PostgreSQL 9.6 Performance – Partition Constraint Not Used for Joins by Timestamp

partitioningperformancepostgresqlpostgresql-9.6query-performance

I have a partitioned table structure like:

CREATE TABLE measurements (
    sensor_id bigint,
    tx timestamp,
    measurement int
);

CREATE TABLE measurements_201201(
    CHECK (tx >= '2012-01-01 00:00:00'::timestamp without time zone 
       AND tx < ('2012-01-01 00:00:00'::timestamp without time zone + '1 mon'::interval))    
)INHERITS (measurements);
CREATE INDEX ON measurements_201201(sensor_id);
CREATE INDEX ON measurements_201201(tx);
CREATE INDEX ON measurements_201201(sensor_id, tx);
....

And so on. Each table has approximately 20M rows.

If I query for a sample of sensors and a sample of timestamps in the WHERE clause, the query plan shows the correct tables being selected and indexes being usedm e.g.:

SELECT *
FROM measurements
INNER JOIN sensors TABLESAMPLE BERNOULLI (0.01) USING (sensor_id)
WHERE tx BETWEEN '2015-01-04 05:00' AND '2015-01-04 06:00' 
    OR tx BETWEEN '2015-02-04 05:00' AND '2015-02-04 06:00' 
    OR tx BETWEEN '2014-03-05 05:00' AND '2014-04-07 06:00' ;

However, if I use a CTE, or put the timestamp values into a table (not shown, even with indexes on the temporary table).

WITH sensor_sample AS(
    SELECT sensor_id, start_ts, end_ts
    FROM sensors TABLESAMPLE BERNOULLI (0.01)
    CROSS JOIN (VALUES (TIMESTAMP '2015-01-04 05:00', TIMESTAMP '2015-01-04 06:00'),
        (TIMESTAMP '2015-02-04 05:00', TIMESTAMP '2015-02-04 06:00'),
        (TIMESTAMP  '2014-03-05 05:00', '2014-04-07 06:00') ) tstamps(start_ts, end_ts)
)

Something like the below

SET constraint_exclusion = on;
SELECT * FROM measurements
INNER JOIN sensor_sample USING (sensor_id)
WHERE tx BETWEEN start_ts AND end_ts

Performs an index scan on every table.
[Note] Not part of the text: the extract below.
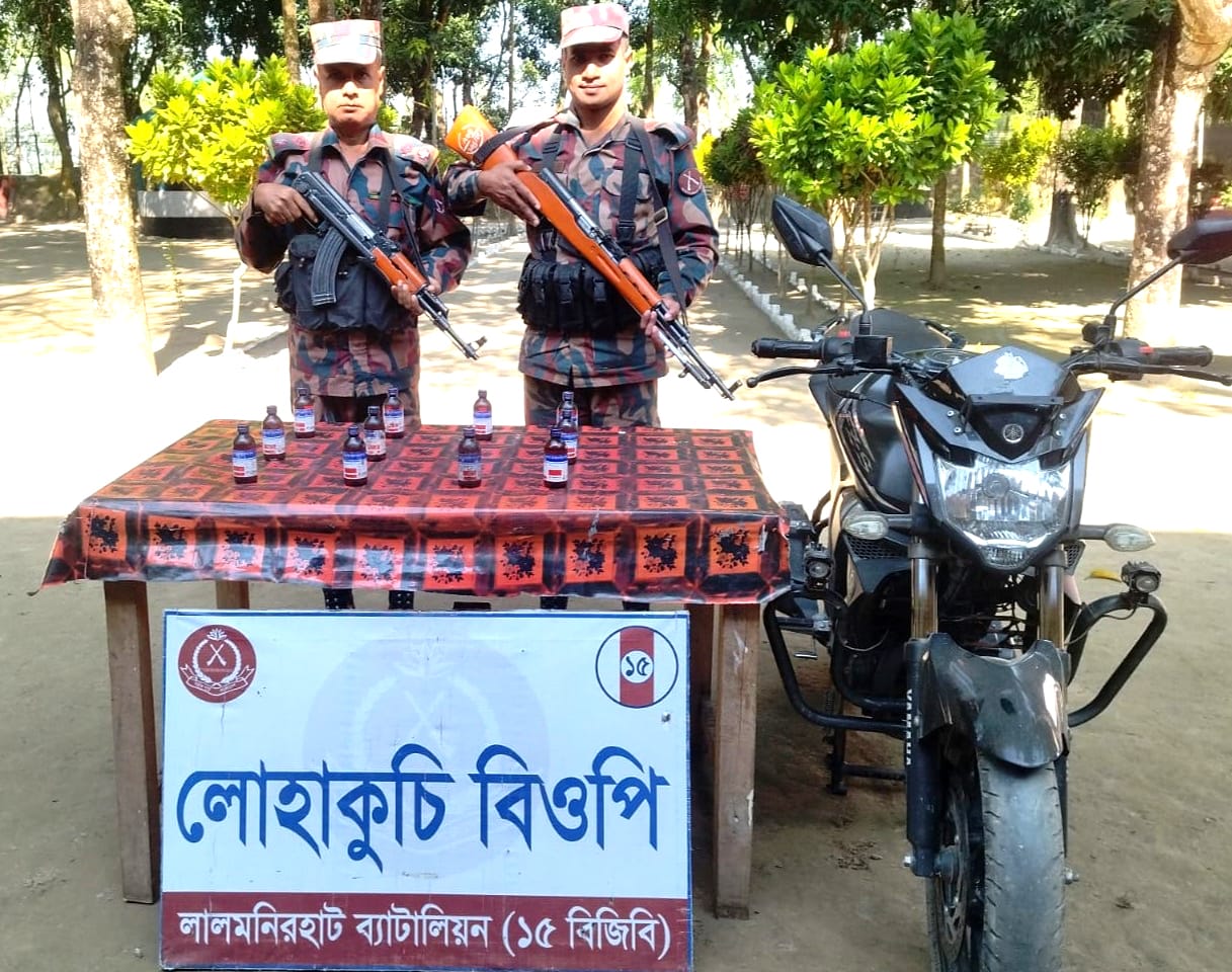 অপরদিকে, বৃহস্পতিবার (২৭ নভেম্বর) রাত আনুমানিক ৯টায় লোহাকুচি বিওপি’র আওতাধীন লালমনিরহাট জেলার কালীগঞ্জ থানার মালগারা এলাকায় টহলদল একজন চোরাকারবারীকে মোটর সাইকেল যোগে আসতে দেখে চ্যালেঞ্জ করলে সে মোটর সাইকেল ফেলে সীমান্ত অতিক্রম করে ভারতের দিকে পালিয়ে যায়। উক্ত মোটর সাইকেল তল্লাশী করে ১১টি বোতল ভারতীয় ইস্কাফ সিরাপসহ মোটর সাইকেলটি জব্দ করা হয়।

Which is still relatively fast, but with increasing complexity of queries, this can turn into seq scans which will end up being very slow for retrieving ~40K rows from a limited subset of partitioned tables (4-5 of 50).
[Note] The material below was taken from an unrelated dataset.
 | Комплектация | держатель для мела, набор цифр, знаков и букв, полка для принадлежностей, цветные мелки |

I'm concerned that something like this is the problem.

For non-trivial expressions you have to repeat the more or less verbatim condition in queries to make the Postgres query planner understand it can rely on the CHECK constraint. Even if it seems redundant!
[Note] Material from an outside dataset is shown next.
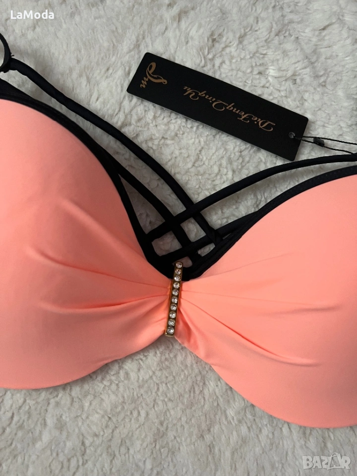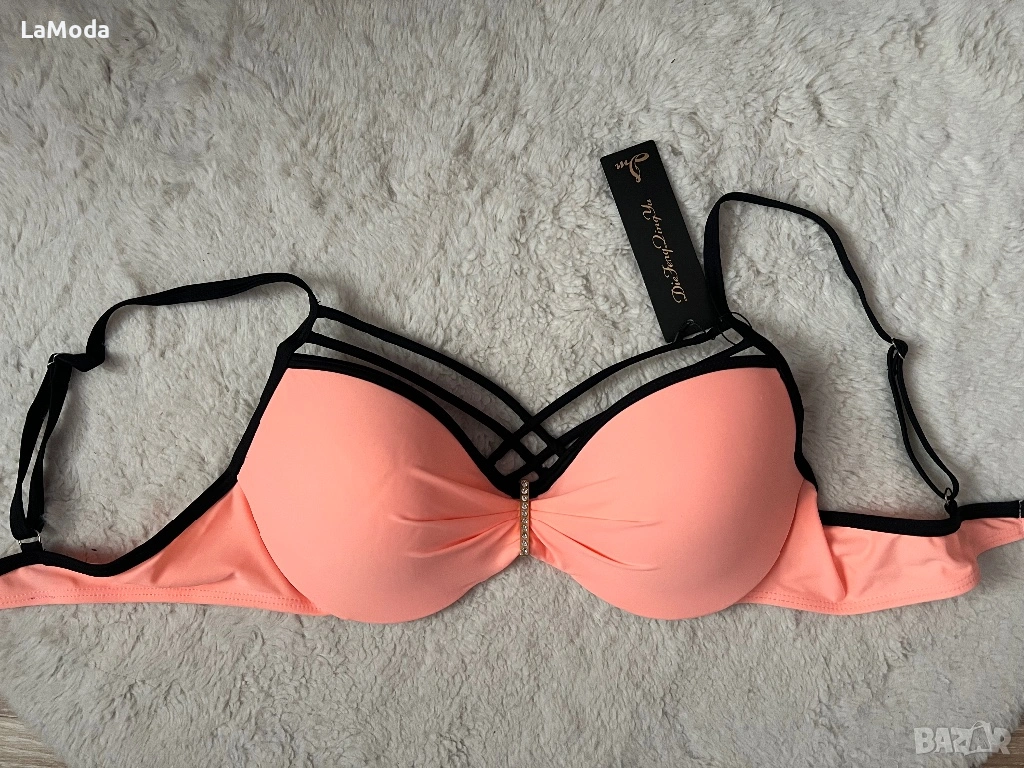 Дамско горнище на бански в приятен прасковен цвят. 🍑Не е носено, седи с етикета. Красив дизайн и мека материя. Подходящ за размер M-L.

How can I improve partitioning and query structure to reduce the likelihood of running seq scans on all my data?

Best Answer

Constraint-based exclusion [CBE] is performed on early stage of query planning, just after the query is parsed, mapped to actual relations and rewritten. (internals, Planner/Optimizer stage)

The planner cannot assume any contents of "sensor_sample" table.

So unless you have values hardcoded in the query, the planner will not exclude "partitions".

I guess what happens with the CTE variant... the planner is restricted because you use TABLESAMPLE and the whole subquery may be treated as volatile even if literals in the subquery are static. (that's just my guess, I'm not expert on planner code)

On the bright side, the index scan with negative result is blazingly fast. (single page scan at most!) so unless you have over 10000 partitions, I would not bother.

So, to answer your question directly:

  • You cannot improve this data structure much more.

  • Regardin index scans - they are cheap;

  • Regarding sequential scans - they are avoided when possible, as you see on your own examples.